Conclusion – Raw Data Needs More Analysis

Of course there is certainly much room for improvement in Australia’s performance in innovation and IP capture/protection, as the Australian government body Innovation and Science Australia (ISA) amply identified via the 30 recommendations in its Australia 2030 strategy.  However, using raw (or, at best, undercooked) patent filing statistics as a stick with which to beat Australian industry and research organisations is a pointless, and even counter-productive, exercise, which is liable to create a false impression of their performance.

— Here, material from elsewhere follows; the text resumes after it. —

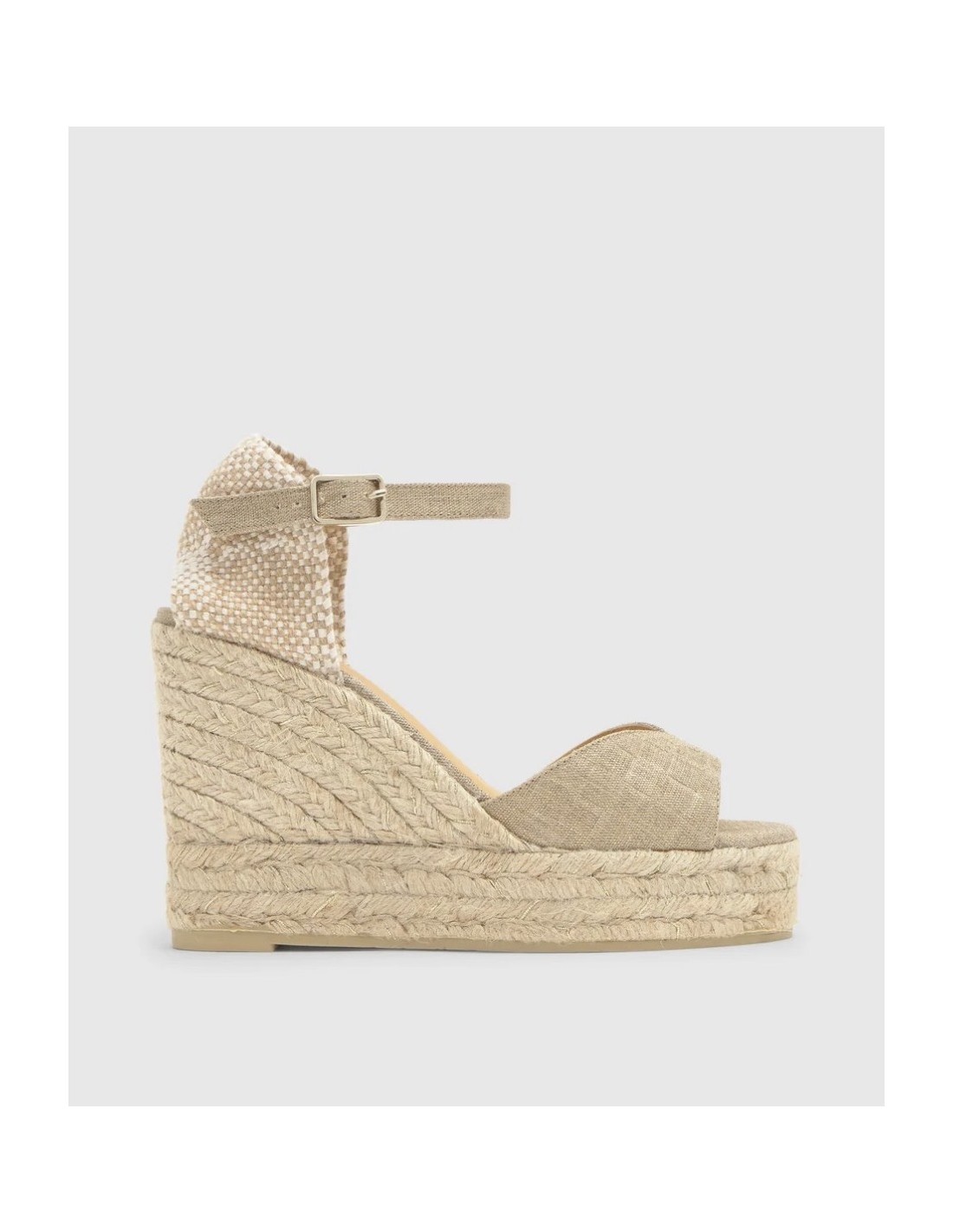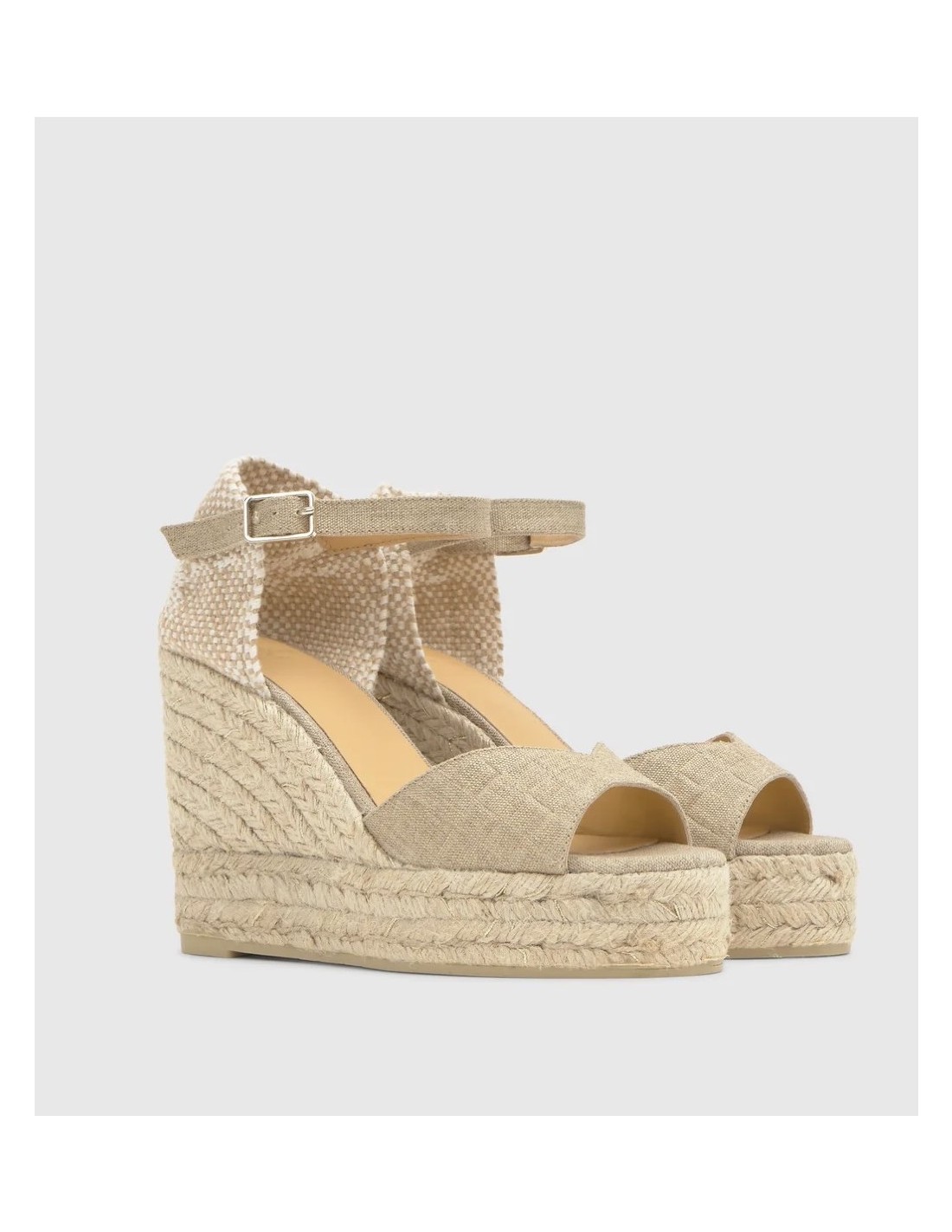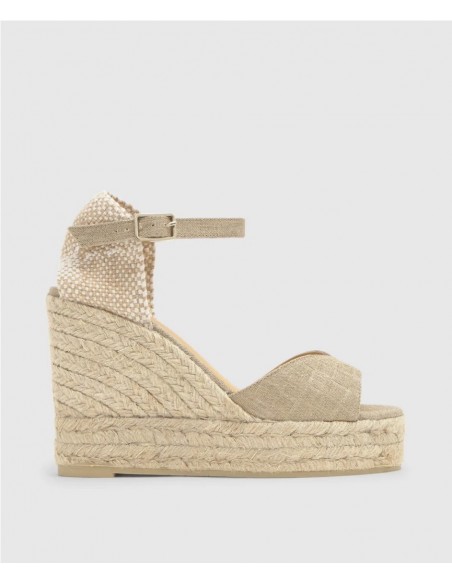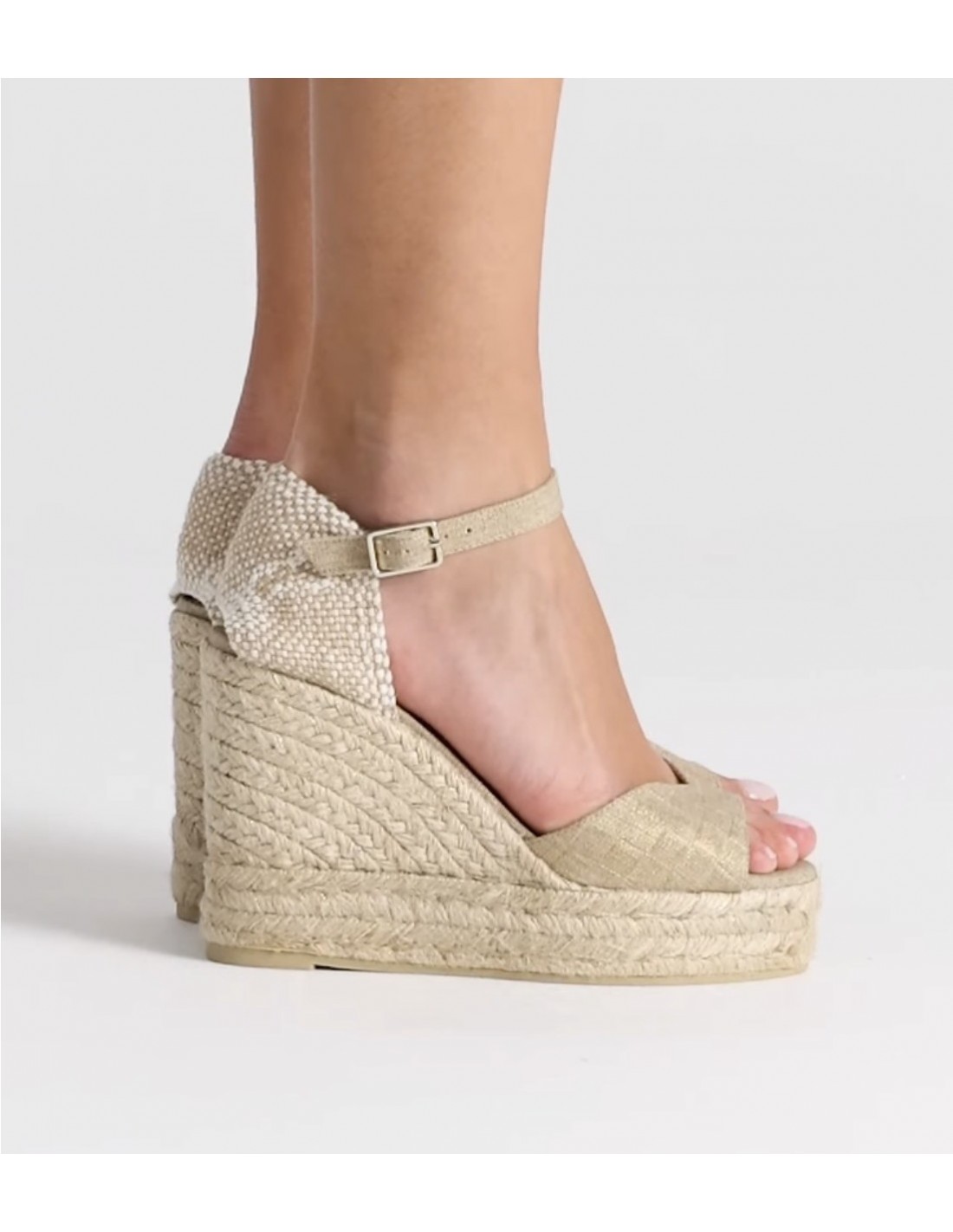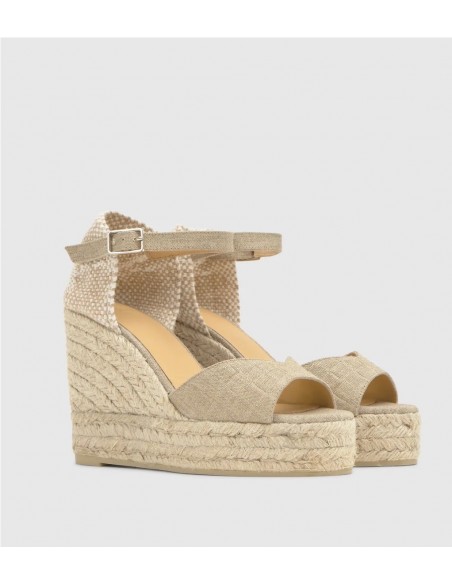 Sandalia en lino metalizado con efecto acolchado, cierre de hebilla, plantilla acolchada y escote en V. Cuña de yute y lurex con una altura total de 11cm incluyendo 3 cm de la doble plataforma. Ideal para realzar tus looks.

There is no reason to suppose, for example, that Aristocrat's business reasons for filing relatively large numbers of Australian patent applications tells us anything about the value of any individual application (or how many of those applications will actually result in granted patent rights).  It certainly does not say anything about the social value of gaming/gambling technology relative to any other fields of endeavour!  Nor is CSIRO's 45 Australian applications at all insignificant.  Over a 20-year maximum patent term, maintaining this rate of filing represents a potential pipeline on the order of 900 patented inventions, and it is likely that corresponding applications have been filed in a number of other jurisdictions.  There is no question that CSIRO's global patent portfolio represents a very substantial financial investment, of which the Australian filings alone represent only one component.  And who knows – somewhere in 2017's 45 patent applications there may be another wireless LAN!

I look forward to presenting further analysis of the data once the IPGOD 2018 data set is formally released.